» TASK DATA:
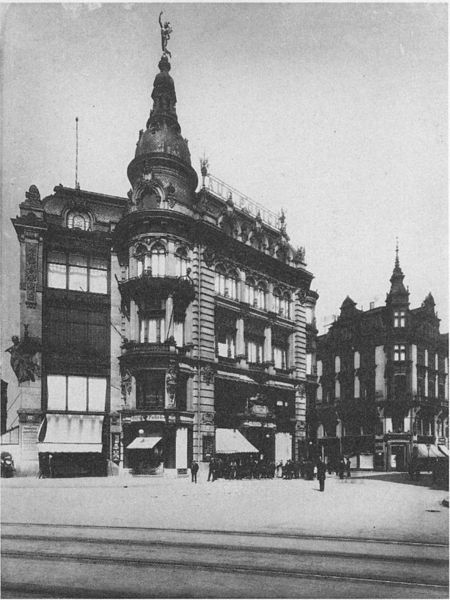 Ein regionales Werbeschild für eine Modepassage der 20er Jahre. Zu Beachtung die Hinweistexte wie Damen- Ruheraum mit Schreib und Erfrischungsmöglichkeit und das Rauchzimmer für den Herren.
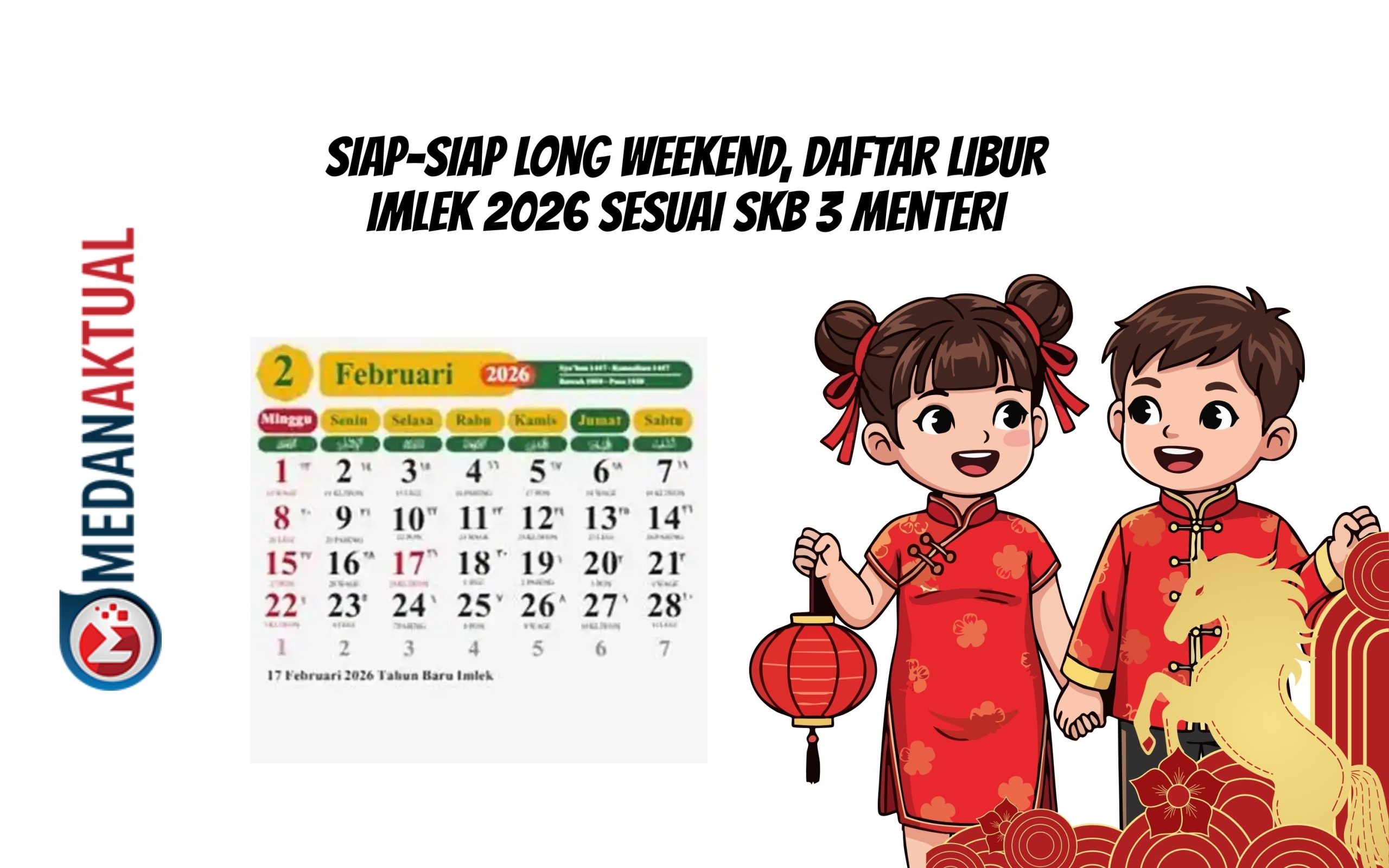 Kabar gembira bulan Februari 2026 terdapat long Weekend. Hal ini berkaiitan dengan libur Imlek 2026 dimana perayaan Imlek pada hari Selasa, 17 Februari 2026.
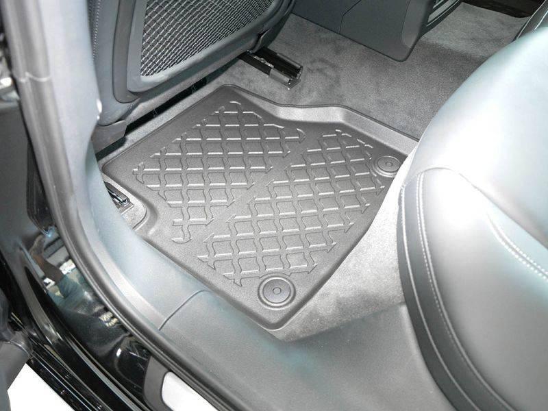 Gumoplastové 3D přesné podlahové koberce ve tvaru vaničky pod nohy pasažérů na vůz Audi A7 (C8) Sportback coupe, od roku výroby 02.2018 ->, od polské firmy Aristar, které zabraňují namočení koberců interiéru od mokrých bot nebo bot od sněhu a jsou vyrobené ze stejného materiálu jako vany do kufru od stejnojmenné firmy.
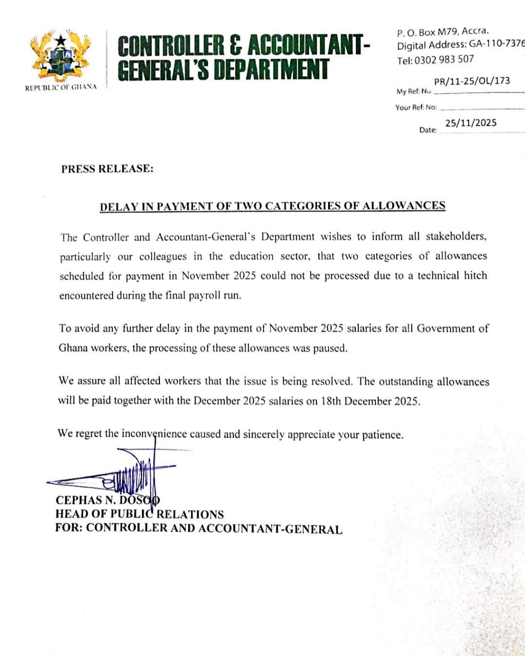 “The processing of these allowances was paused to avoid any further delay in the payment of November 2025 salaries for all Government of Ghana workers,” the Department said, adding that teams are currently working to resolve the issue.
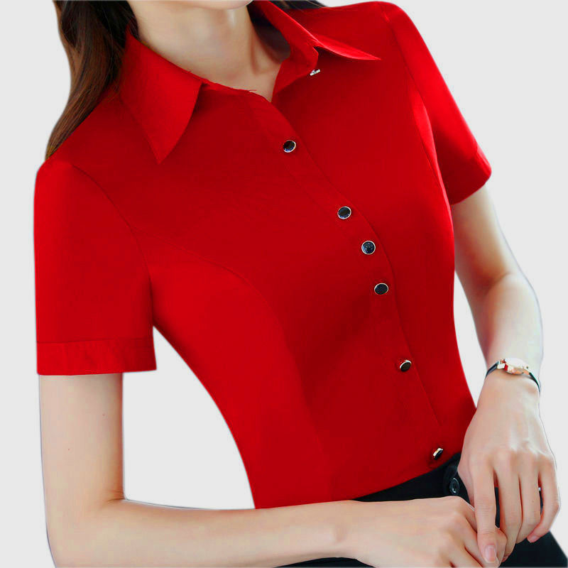 화이트 셔츠 여성 반팔 비즈니스웨어 슬림핏 2025 여름 원피스 한국식 원피스 슬리밍 올매치 레드 셔츠 작업복
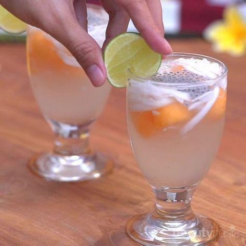- Tambahkan biji selasih. Tuang air putih dan bisa ditambah es jika suka dingin. Beri daun mint sebelum disajikan.
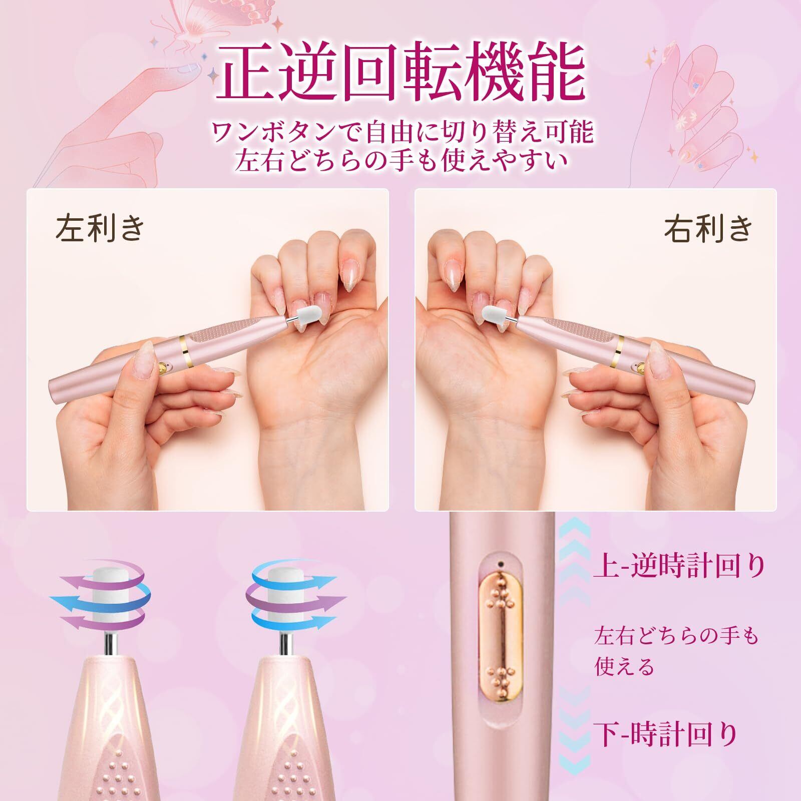 【最大15000 RPMまで!回転速二段階調節!】ネイルマシンの回転速が0-15000 RPMの範囲で調整でき、最低速度でも甘皮処理が可能なため、初心者でもケガをする恐れなく使用でるネイルマシンです。用途や利き手に応じて正逆転換を自在調節でき、左手右手の両方のネイルオフにぴったりです。※初心者は回転数を徐々に上げていく方がお勧めです。
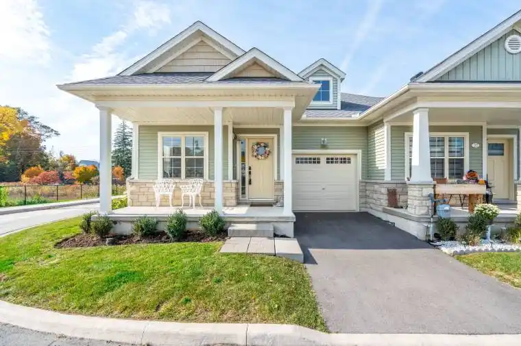 Welcome to 22 South Coast Circle in The Shores at South Coast Village-a beautiful, master-planned community by Marz Homes, perfect for those seeking a vibrant and low-maintenance lifestyle! This bright and airy 2-bedroom, 2-bathroom, 1220 sq. ft. bungalow end unit boasts an open-concept layout designed for modern living. Step inside to find a sunlit living and dining area with large windows and 9-foot ceilings. The stylish kitchen features quartz countertops, a spacious island, and an under mount sink, making it both functional and elegant. Enjoy seamless indoor-outdoor living with a walkout to your private, west-facing yard-ideal for catching beautiful sunsets. The spacious master suite is a serene retreat, complete with a walk-in closet and an ensuite featuring a custom-tiled shower. The unfinished basement offers potential for a recreation room, additional bathroom, and ample storage space. The Shores community offers exclusive amenities, including a clubhouse with a kitchen, an outdoor pool, and multipurpose sports courts (all currently under construction). Situated moments from Lake Erie, Bay Beach Park, and Ridgeway’s quaint shops and eateries, this prime location ensures every convenience is within reach. Plus, as a land condo, maintenance is made easy with services covering snow removal, lawn care, garbage collection, and future access to all clubhouse amenities.
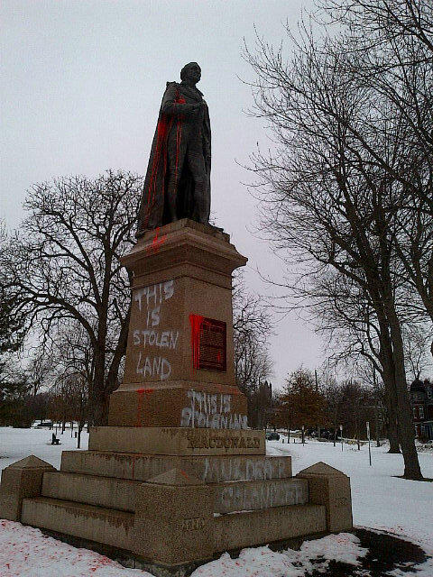 Some disgraceful Idle No More “protesters” vandalised the statue of Sir John A. Macdonald in Kingston, with “murderer” and “colonizer” epithets scrawled on it. (Police say it may be the work of someone trying to smear the movement, for the record). Because it wasn’t like he created the North West Mounted Police to ensure that white settlers weren’t massacring Aboriginals like they were in the States (most of their arrests were whites attacking Aboriginals), or that he gave them the vote in 1885 when it was limited to land-owning men otherwise (Laurier later repealed this), or that he didn’t try to come to suitable arrangements with them that allowed them to continue their traditional way of life. No, he never did anything like that for Aboriginals. Maybe the “protesters” could read a book before they decide to deface a monument like that.
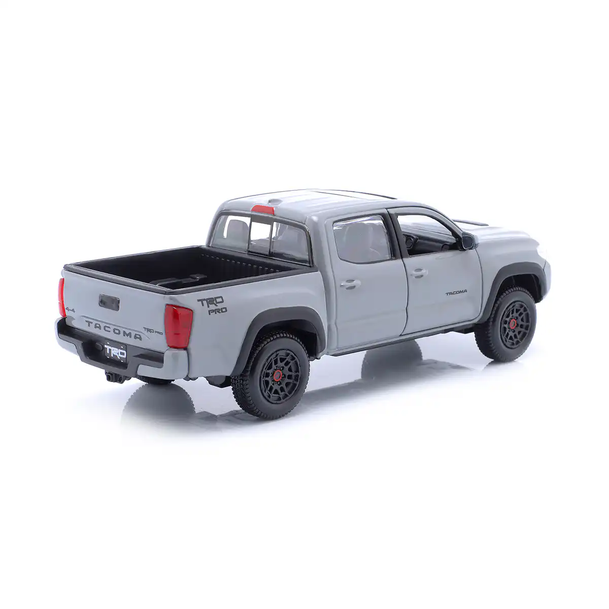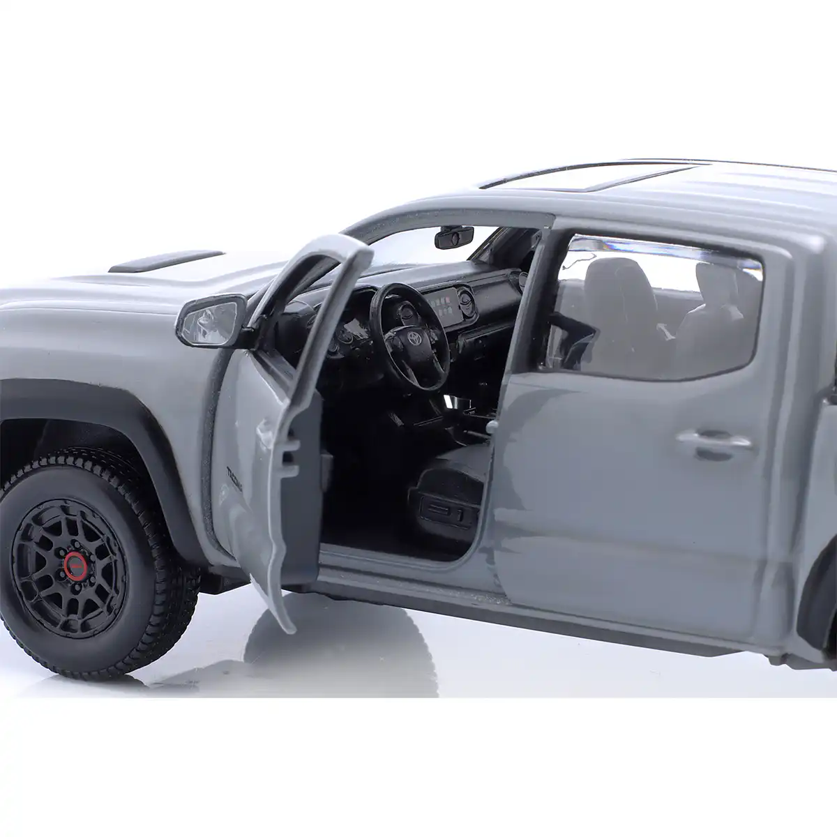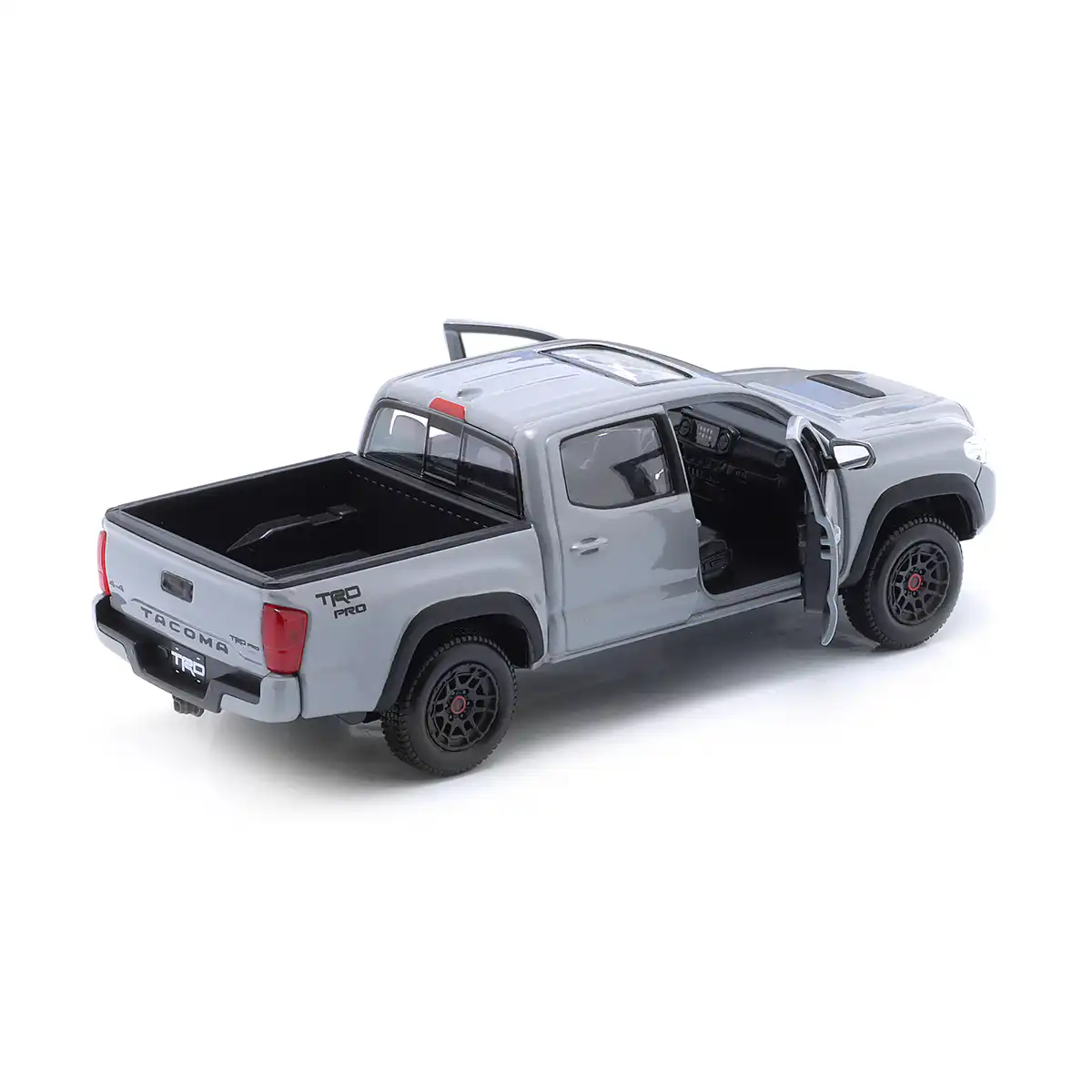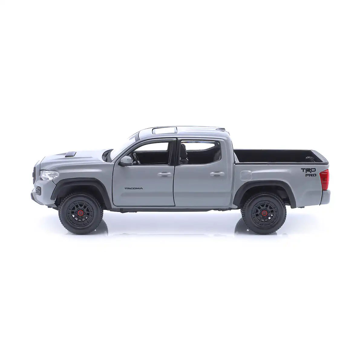 Toyota Tacoma TRD PRO 2023 Pickup en color gris de Edición Especial hecho por la marca Maisto. Este modelo de auto a escala fabricado en alta calidad tiene puertas delanteras que se abren, llantas de goma y es perfecto para coleccionistas y fanáticos de Toyota.

» WORK REQUEST:
The lines running from the one with "Some disgraceful Idle" to the close of the material above are to be retyped exactly; no picture is to be included.

» RESULT:
 Some disgraceful Idle No More “protesters” vandalised the statue of Sir John A. Macdonald in Kingston, with “murderer” and “colonizer” epithets scrawled on it. (Police say it may be the work of someone trying to smear the movement, for the record). Because it wasn’t like he created the North West Mounted Police to ensure that white settlers weren’t massacring Aboriginals like they were in the States (most of their arrests were whites attacking Aboriginals), or that he gave them the vote in 1885 when it was limited to land-owning men otherwise (Laurier later repealed this), or that he didn’t try to come to suitable arrangements with them that allowed them to continue their traditional way of life. No, he never did anything like that for Aboriginals. Maybe the “protesters” could read a book before they decide to deface a monument like that.
 Toyota Tacoma TRD PRO 2023 Pickup en color gris de Edición Especial hecho por la marca Maisto. Este modelo de auto a escala fabricado en alta calidad tiene puertas delanteras que se abren, llantas de goma y es perfecto para coleccionistas y fanáticos de Toyota.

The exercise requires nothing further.